Киприан поднял к ней лицо, с которого начисто исчезли все эмоции. Ни гнева, ни боли не выражали его темно-синие, как ночное небо, глаза.
— Сводного брата. Полагаю, мы с тобой можем называться кузенами.
— Не по крови, — машинально возразила она. — Но Обри…
— Он мой сводный брат, и я уверен, что смогу воспитать его куда лучше, чем наш общий папаша.
— Но он же Хэбертон. Как и ты, — добавила Элиза, все еще оглушенная свалившейся на нее новостью.
Глаза Киприана опасно сузились.
— Я никогда не буду Хэбертоном, — медленно выдавил он.
— Но ты уже Хэбертон. — Начав наконец что-то понимать, Элиза непроизвольно шагнула к нему, но следующие его слова хлестнули ее с такой силой, что она пошатнулась.
— И это возвышает меня в твоих глазах, не так ли? Если бы я носил фамилию Хэбертон и занимал в вашем распрекрасном обществе соответствующее этому громкому имени положение, уж ты бы, наверное, не упустила возможности стать моей женой, а?
— Это здесь совершенно ни при чем, — начала Элиза, но Киприан, не дослушав, пренебрежительно фыркнул:
— Неужели? — Он осмотрел ее с ног до головы таким взглядом, каким смотрит коннозаводчик на приглянувшуюся ему племенную кобылку, и Элиза вдруг почувствовала себя неуютно от сознания своей наготы. Она плотнее запахнула куртку и попробовала собрать разбегающиеся мысли.

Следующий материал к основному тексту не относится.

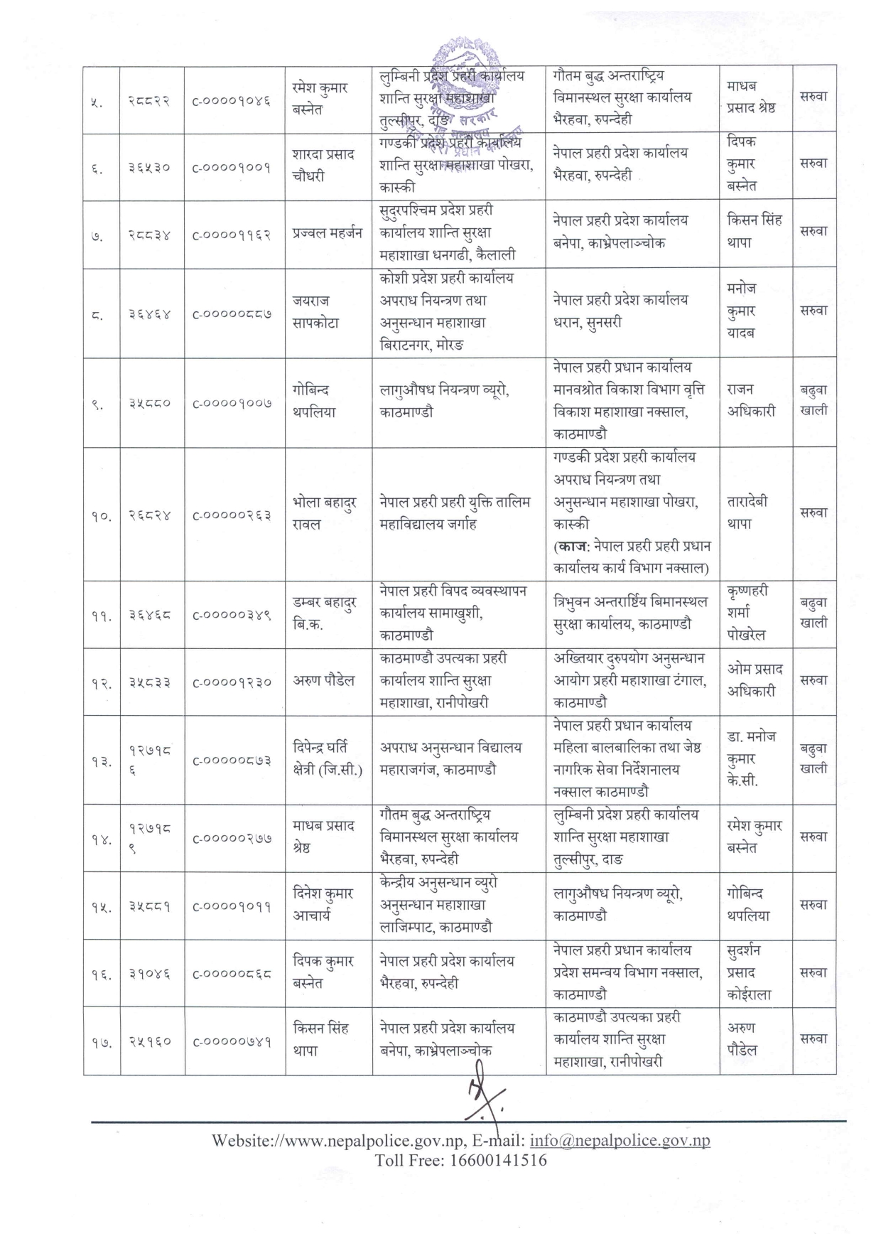 ssp_7401_page-0002[1] Post navigation Previous: रबि लामिछाने गृहमन्त्री भएपछि २० जनपद प्रहरी समूहतर्फको प्रहरी वरिष्ठ उपरीक्षक (ssp) हरुको सरुवा/काज सम्बन्धमा (मिति २०८१।०२।१६ गते) Leave a ReplyYour email address will not be published. Required fields are marked *Comment * Name Email Website
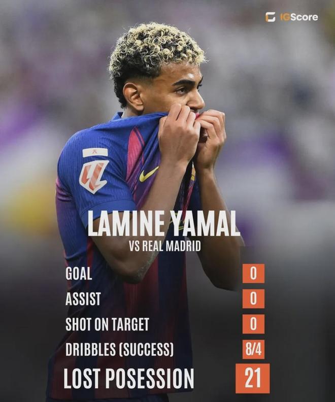 本场国家德比,亚马尔的表现可以说完全不如姆巴佩,他全场一共只有2次射门,0次射正,丢失球权达到了21次,是全场最高。

— Киприан, ты должен отпустить Обри, — сказала она, пытаясь вернуться к главному.
— Нет.
— Но какой теперь в этом смысл?
— Смысл, дорогая моя Элиза, тот же, что и раньше. Твой дядя — мой ублюдок отец — потерял свое самое ценное достояние. Своего единственного наследника.
Элиза пристально посмотрела на него, словно пытаясь заглянуть ему в душу:
— Но все изменилось, правда? Ты ведь не думал, что полюбишь Обри? Ты сказал мне однажды, что сделаешь Обри таким же чудовищем, каким Ллойд Хэбертон сделал тебя. Но ты не можешь этого сделать, не так ли? Ты не можешь мучить своего сводного брата. — Она горько улыбнулась. — Ты все-таки не такое чудовище, каким пытаешься представить себя, Киприан Дэйр.
Она заметила промелькнувшую в его темно-синих глазах нерешительность — вернее, тень нерешительности. Впрочем, Киприан тут же нагнулся, чтобы заправить брюки в сапоги, и Элиза подумала, что могла и ошибиться. Когда же он выпрямился, перед ней снова был властный капитан «Хамелеона» — жесткий, беспринципный, бесконечно самоуверенный и напрочь лишенный всяких чувств, кроме жажды мести, человек.
— Ты, наверное, забыла, каков я на самом деле, Элиза? Я могу напомнить… Хочешь, я брошу тебя на эту кровать и возьму силой, против твоей воли?
Элиза судорожно сглотнула.
— Это ни разу не было против моей воли, — прошептала она, уповая на то, чтобы признание, идущее из самой глубины ее сердца, пробило ледяную стену, которой Киприан окружил себя. Но он только холодно улыбнулся в ответ, и в его чертах отразилось какое-то горькое торжество.
— Я с самого начала предупредил тебя, что, если женщина не хочет меня, у меня есть способы заставить ее захотеть…
Его слова пронзили ее сердце, словно стрела. Вот, значит, что это было? И это все? Слишком велико было ее смятение, чтобы понять, где истина. Он предложил ей выйти за него замуж — но, может быть, он просто хотел, чтобы она больше не отказывалась делить с ним его спальню?
Страшась услышать ответ, она все же спросила:
— Каковы… каковы же были твои истинные намерения?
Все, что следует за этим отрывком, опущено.